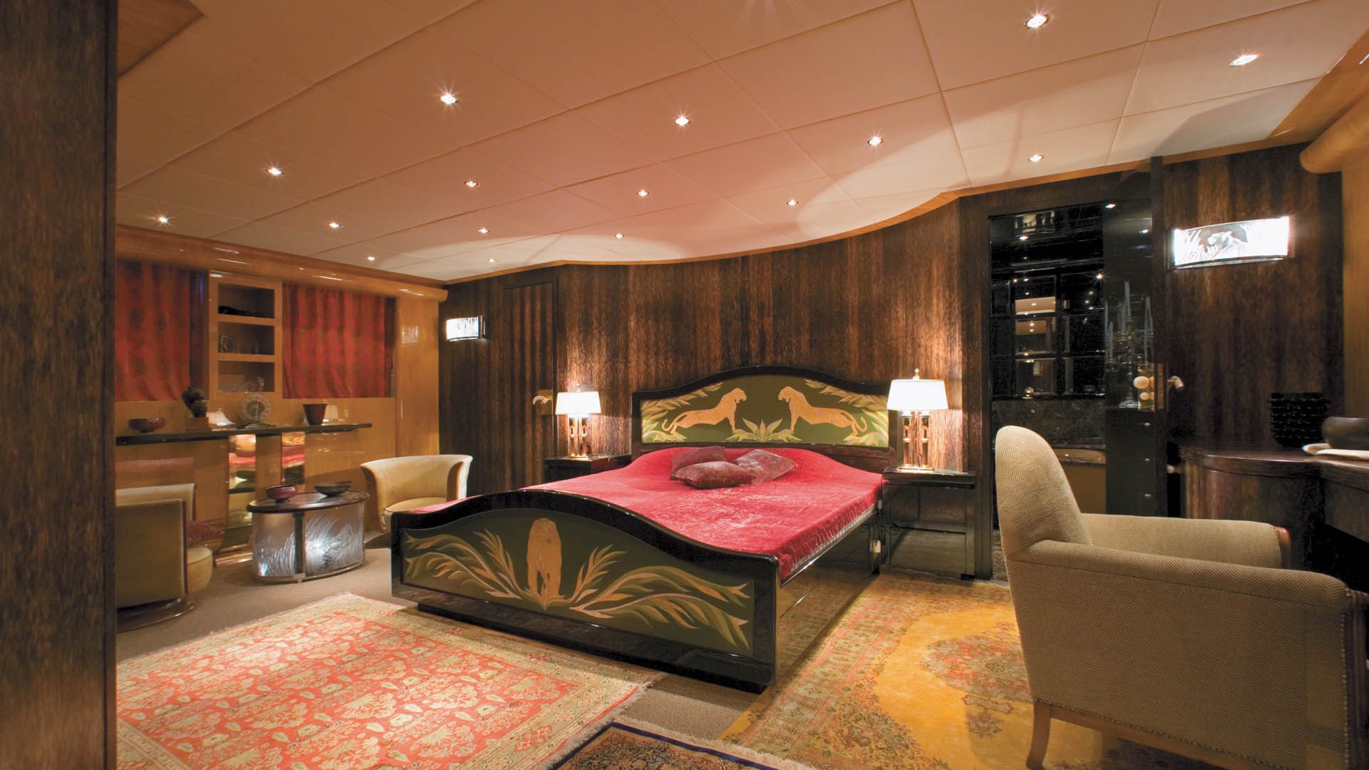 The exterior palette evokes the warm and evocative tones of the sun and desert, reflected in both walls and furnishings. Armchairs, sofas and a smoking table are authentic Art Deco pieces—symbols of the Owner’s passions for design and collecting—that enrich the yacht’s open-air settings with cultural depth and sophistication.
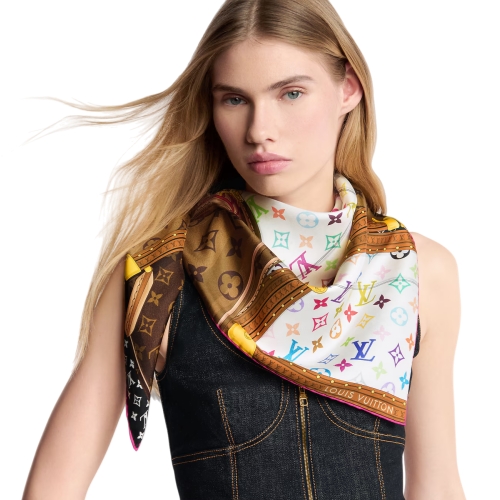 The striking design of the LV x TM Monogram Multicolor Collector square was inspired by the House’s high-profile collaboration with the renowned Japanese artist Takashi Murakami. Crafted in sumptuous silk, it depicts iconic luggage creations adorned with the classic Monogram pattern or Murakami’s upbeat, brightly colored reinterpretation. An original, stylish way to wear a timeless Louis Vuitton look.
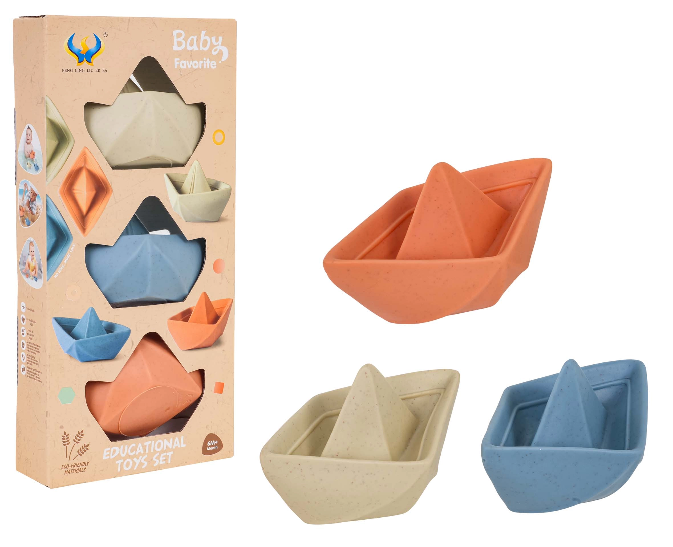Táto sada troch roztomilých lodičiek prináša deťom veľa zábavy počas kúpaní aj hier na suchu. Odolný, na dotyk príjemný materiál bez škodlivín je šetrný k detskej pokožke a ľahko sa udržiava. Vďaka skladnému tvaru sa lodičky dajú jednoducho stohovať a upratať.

[Work required]
From the first line to the last, retype the data exactly, without images.

[Response]
 The exterior palette evokes the warm and evocative tones of the sun and desert, reflected in both walls and furnishings. Armchairs, sofas and a smoking table are authentic Art Deco pieces—symbols of the Owner’s passions for design and collecting—that enrich the yacht’s open-air settings with cultural depth and sophistication.
 The striking design of the LV x TM Monogram Multicolor Collector square was inspired by the House’s high-profile collaboration with the renowned Japanese artist Takashi Murakami. Crafted in sumptuous silk, it depicts iconic luggage creations adorned with the classic Monogram pattern or Murakami’s upbeat, brightly colored reinterpretation. An original, stylish way to wear a timeless Louis Vuitton look.
Táto sada troch roztomilých lodičiek prináša deťom veľa zábavy počas kúpaní aj hier na suchu. Odolný, na dotyk príjemný materiál bez škodlivín je šetrný k detskej pokožke a ľahko sa udržiava. Vďaka skladnému tvaru sa lodičky dajú jednoducho stohovať a upratať.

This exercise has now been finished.